Oil prices continue to fall on fears of a lack of demand with the WTI contract again selling off to close above the $55USD per barrel level. Momentum had previously flipped to the downside, and with the previous $57.50 session lows tested and found wanting, the downside target could be as low as $50 here:

Finally to gold, which continues to hold on fine here, finishing slightly higher to be just above the $1560USD per ounce level but still below its own high moving average. The daily chart is showing a nice consolidation following the bubble like move above $1600 with ATR support at the $1540 level holding firm but nothing to excite the senses for a swing higher for now – watch for more upside above the high moving average:

Glossary of Acronyms and Technical Analysis Terms:

ATR: Average True Range – measures the degree of price volatility averaged over a time period

ATR Support/Resistance: a ratcheting mechanism that follows price below/above a trend, that if breached shows above average volatility

CCI:  Commodity Channel Index: a momentum reading that calculates current price away from the statistical mean or “typical” price to indicate overbought (far above the mean) or oversold (far below the mean)
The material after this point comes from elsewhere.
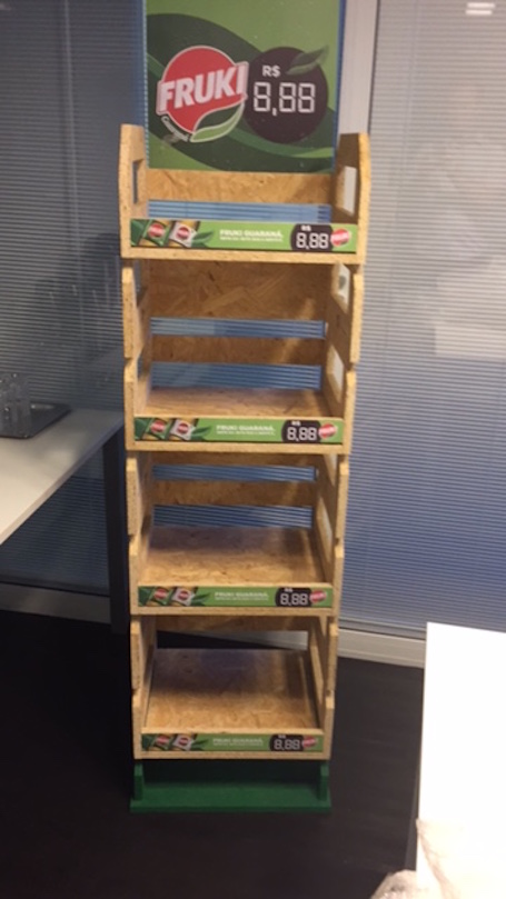 A Pino produziu dezenas de expositores em OSB com impressão UV para a marca Fruki, do Rio Grande do Sul. Vejam nas imagens dos engradados no post abaixo, todos trabalhados na marcenaria completa que a Pino dispõe em seu parque. Lá são produzidos também tótens, displays, expositores, pequenos móveis para cenários e o que a imaginação dos clientes ousar produzir.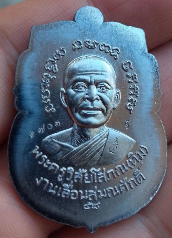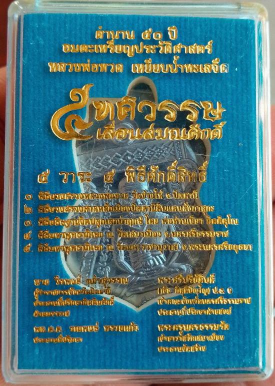 เหรียญเลื่อนสมณศักดิ์หลวงปู่ทวดปี 58 เนื้อตะกั่วไม่ตัดปีก (ชุดเนื้อเงินหน้ากากทองคำ) ตอก Number 1703 พร้อมกล่องเดิมสภาพสวย

Low/High Moving Average: rolling mean of prices in this case, the low and high for the day/hour which creates a band around the actual price movement

FOMC: Federal Open Market Committee, monthly meeting of Federal Reserve regarding monetary policy (setting interest rates)

BOJ/Abenomics: Bank of Japan, economic policy/direction enacted by PM Shinzo Abe

DOE: US Department of Energy 

Uncle Point: or stop loss point, a level at which you’ve clearly been wrong on your position, so cry uncle and get out!